[Twisted-Python] Re: Twisted and the Posh Module
Ken Kinder
ken at kenkinder.com
Mon Mar 14 13:24:28 MST 2005
Ed Suominen wrote:
>I think having some sort of process pool mangagement in Twisted is a
>great idea, especially with multi-core CPUs emerging on the scene. I
>have access to a dual-core Pentium Prescott CPU and it would be great
>to have that available to keep both cores humming on a certain
>CPU-intensive project I'm considering.
>
>However, I'm not sure the best way to go about it would be with the posh
>module, pypar (see http://datamining.anu.edu.au/~ole/pypar/), or just
>using Perspective Broker as an underlying message-passing mechanism
>with UNIX sockets and/or TCP. One thought might be to have a single
>master process start up and act as a PB server and process pool
>manager.
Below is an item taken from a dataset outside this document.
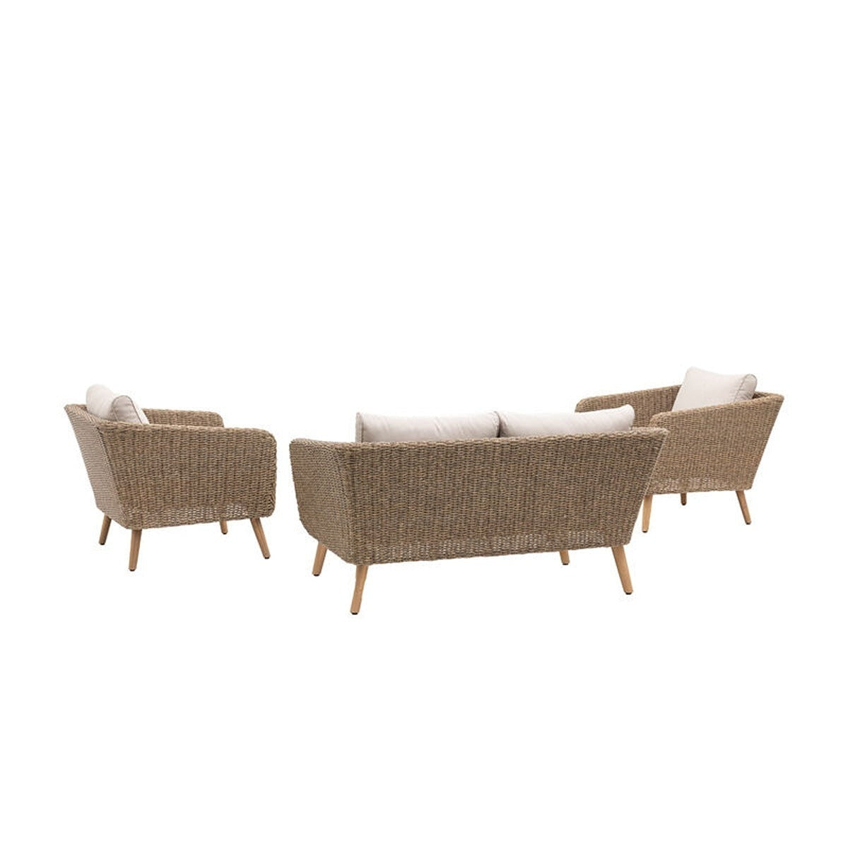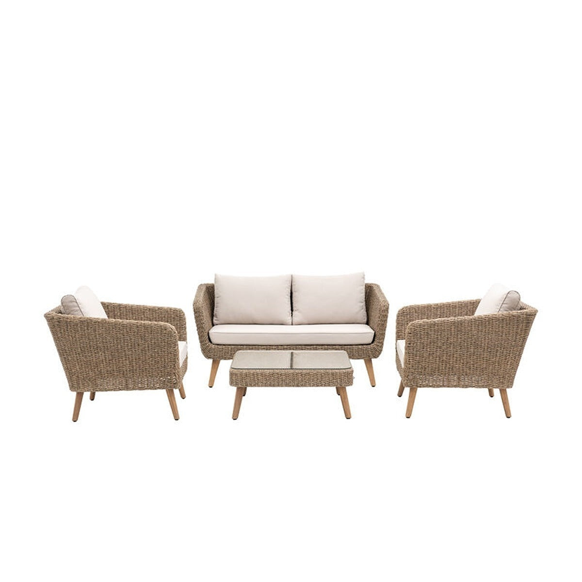 This stylish outdoor seating set blends natural wicker with plush cushions, creating a comfortable and sophisticated look that complements any outdoor decor. The tight, uniform wicker weave ensure durability, while the generously sized cushions offer ample. Whether you're entertaining guests or simply relaxing with family, this set provides a stylish and comfortable space to enjoy the outdoors.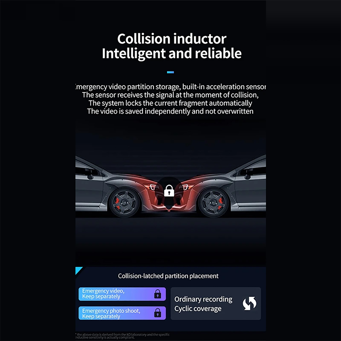 دوربین XJ03 از فناوری ضبط حلقه بدون درز پشتیبانی میکند، که با پر شدن ظرفیت کارت حافظه، قدیمیترین فیلمها را بازنویسی میکند تا ضبط بیوقفه ادامه یابد. سنسور G داخلی، برخوردهای ناگهانی یا ترمزهای شدید را تشخیص میدهد و فایل ویدیویی مرتبط را قفل میکند تا بهعنوان مدرک حفظ شود. این ویژگی در تصادفات یا حوادث جادهای، شواهد مهمی را برای مسائل حقوقی یا بیمهای فراهم میکند.

Subsidiary processes could then make authenticated PB
>connections to the server to "volunteer" for work in the process pool.
>
>Note that pypar lets you easily find out how many CPUs you have under
>kernel control, with pypar.size(). Thus, the main process could start
>the process pool by spawning a subsidiary "volunteer" process for each
>CPU core present.
>
>
My goal is somewhat similar in that I have multiple CPU's that aren't
being used very much, but the other problem is that certain libraries I
use (PIL) grab the GIL for long-running operations like image
modifications. I can thread them off, but it still liberally acquires
the GIL and makes the server unresponsive for the duration of the operation.
I too had looked at using Perspective Broker to communicate with
separate "worker" processes, and the only reason I'm not excited with
that option is that the bandwidth between the master and worker
processes involves a lot of large binary strings. Shared memory seemed
more efficient than PB for transferring those strings.
So for that reason, finding out how many CPU's I have isn't that
important, because I'll still want more worker processes than I have CPU's.